Пушкин вообще любил повторять изречения или апофегмы Карамзина, потому что питал к нему уважение безграничное. Историограф был для него не только великий писатель, но и мудрец, — человек высокий, как выражался он. Когда он писал своего «Бориса Годунова», Карамзин, услышав о том, спрашивал поэта, не надобно ли ему для нового его создания каких-нибудь сведений и подробностей из истории избранной им эпохи, и вызывался доставить все, что может. Пушкин отвечал, что он имеет всев «Истории государства Российского», великом создании великого историка, которому обязан и идеею нового своего творения. Эту же мысль выразил Пушкин в лапидарном посвящении «Бориса Годунова» памяти историографа. Дело критики показать, насколько повредило его драме слишком близкое воспроизведение карамзинского Годунова и уверенность, что историограф не ошибался. За Карамзина же он окончательно разошелся и с моим братом[210
] <...>
После прекращения «Московского телеграфа» брат мой не имел никаких сношений с Пушкиным[211
]; не знаю даже, встречались ли они в последние годы жизни поэта. Один жил в Москве, другой в Петербурге. Но лучшим доказательством, как высоко уважал и любил Пушкина Н. А. Полевой, может служить впечатление, произведенное на него смертью поэта. В Москве пронеслись слухи о дуэли и опасном положении Пушкина, но мы не слыхали и не предполагали, что он был уже не жилец мира. Утром по какому-то делу брат заехал ко мне и сидел у меня в кабинете, когда принесли с почты «Северную пчелу», где в немногих строках было напечатано известие о смерти Пушкина[212
]. Взглянув на это роковое известие, брат мой изменился в лице, вскочил, заплакал и, бегая по комнате, воскликнул: «Да что же это такое?.. Да это вздор, нелепость! Пушкин умер!.. Боже мой!..» И рыдания прервали его слова. Он долго не мог успокоиться. Искренние слезы тоски, пролитые им в эти минуты, конечно, примирили с ним память поэта, если при жизни между ними еще оставалась тень неприязни...

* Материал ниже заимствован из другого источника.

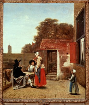 Een man die rookt en een vrouw die drinkt in een binnenplaats, ca. 1658-60(A Man Smoking and a Woman Drinking in a Courtyard, c.1658-60)Pieter de Hooch |
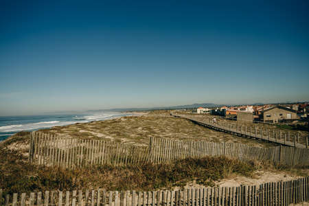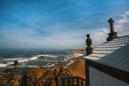 Miramar Beach and Chapel Senhor da Pedra, Atlantic ocean near Porto, Portugal.
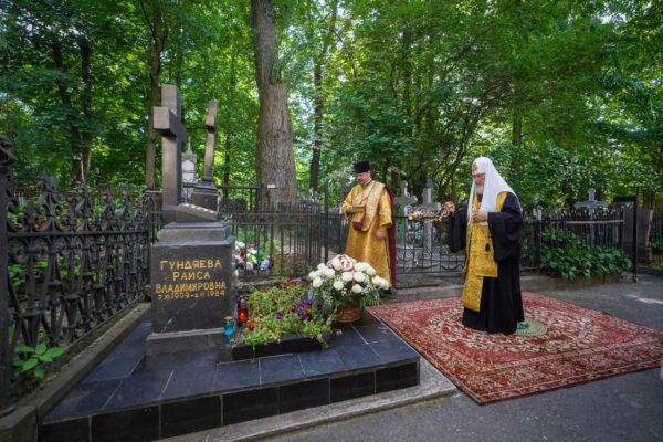Затем Предстоятель Русской Церкви направился Большеохтинское кладбище Санкт-Петербурга, где совершил литию на месте погребения своих благочестивых родителей — протоиерея Михаила и Раисы Владимировны Гундяевых и возложил цветы к их могилам.
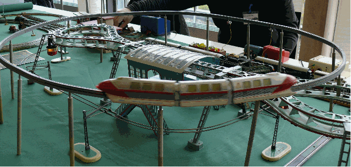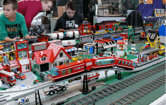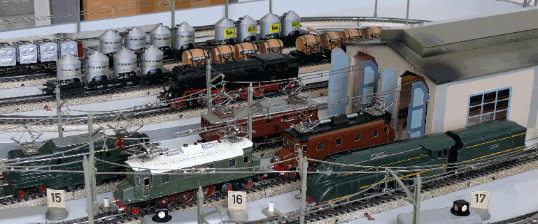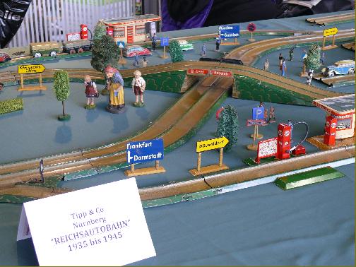 Besonders stolz sind wir auf den konstanten Zulauf der jungen Generation, woran sicher die vorsichtige Eingliederung heutiger und zeitgemäßer Eisenbahn (wie etwa der Legobahn, Faller Hit Train, Playmobil) einen guten Anteil hatte. Kern wird weiter die alte Tischeisenbahn bleiben, aber mit eine wachen Auge auf neuere Formen der Modelleisenbahn ohne digital zu werden. Denn diesen Firlefanz braucht man nicht zum Eisenbahnspielen, wie man an unseren vollautomatischen Schauanlagen von Märklin sehen kann. Im Gegenteil: Der „Rückschritt" zur Uhrwerkbahn hat viel Erstaunen und Beifall ausgelöst - muss man doch endlich wieder arbeiten, damit was fährt! Genießen Sie die folgenden Bilder, die wirklich nur einen Hauch dessen zeigen, was dort wirklich zu sehen war.
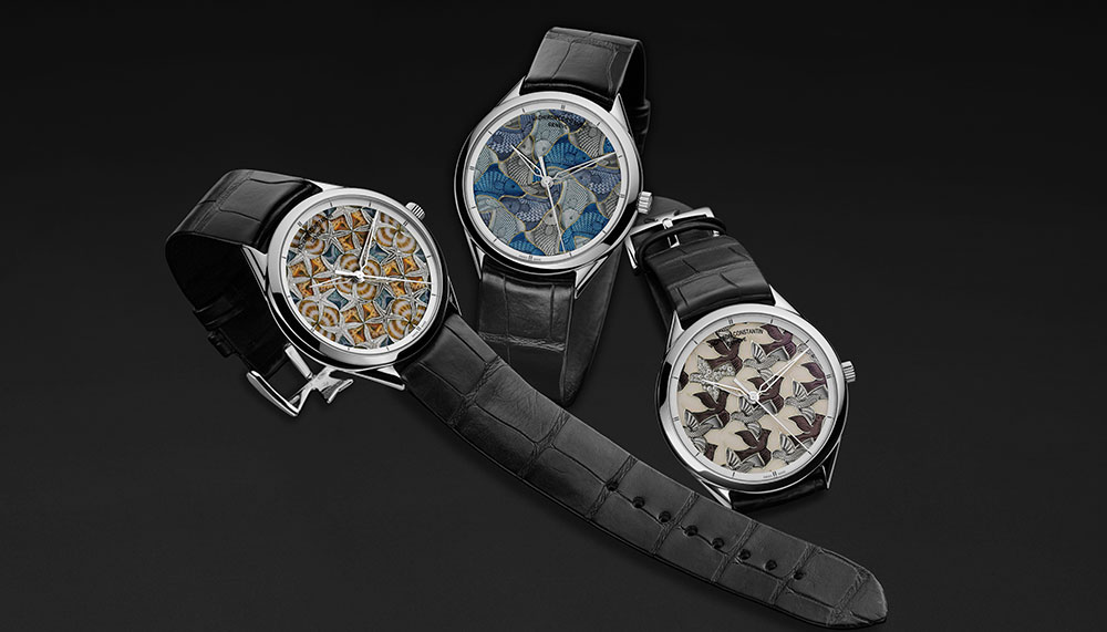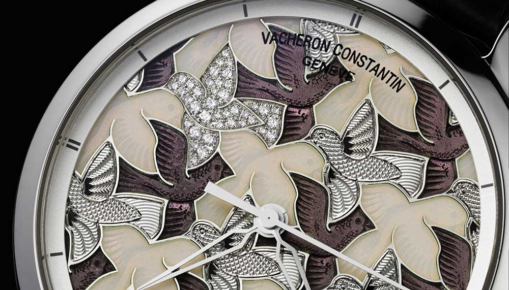 Bringing the artistic style of Escher into its Patrimony collection, Vacheron Constantin designed three pieces, each a limited edition of only 20 pieces, and utilised several different techniques including traditional hand guilloche, figurative engraving, gem-setting and champleve enamelling.

1 Опровержения мои напечатаны в «Северной пчеле» 1859 г., в №№ 129 и 169.
2 Не будьте злопамятны, прошу вас.
3 См. статью Жуковского: «Письмо к С. Л. Пушкину».
4 См. «Соч. Пушкина», изд. Анненкова, т. I, с. 172.
5 Кажется, один нижний этаж его был отделан наскоро.
↓
<К. А. ПОЛЕВОЙ>
ИЗ СТАТЬИ «АЛЕКСАНДР СЕРГЕЕВИЧ ПУШКИН»[213
]
Кто не знал Пушкина лично, для тех скажем, что отличительным характером его в обществе была задумчивость или какая-то тихая грусть, которую даже трудно выразить. Он казался при этом стесненным, попавшим не на свое место. Зато в искреннем, небольшом кругу, с людьми по сердцу, не было человека разговорчивее, любезнее, остроумнее. Тут он любил и посмеяться, и похохотать, глядел на жизнь только с веселой стороны, и с необыкновенною ловкостью мог открывать смешное. Одушевленный разговор его был красноречивою импровизациею, так что он обыкновенно увлекал всех, овладевал разговором, и это всегда кончалось тем, что другие смолкали невольно, а говорил он. Если бы записан был хоть один такой разговор Пушкина, похожий на рассуждение, перед ним показались бы бледны профессорские речи Вильмена и Гизо.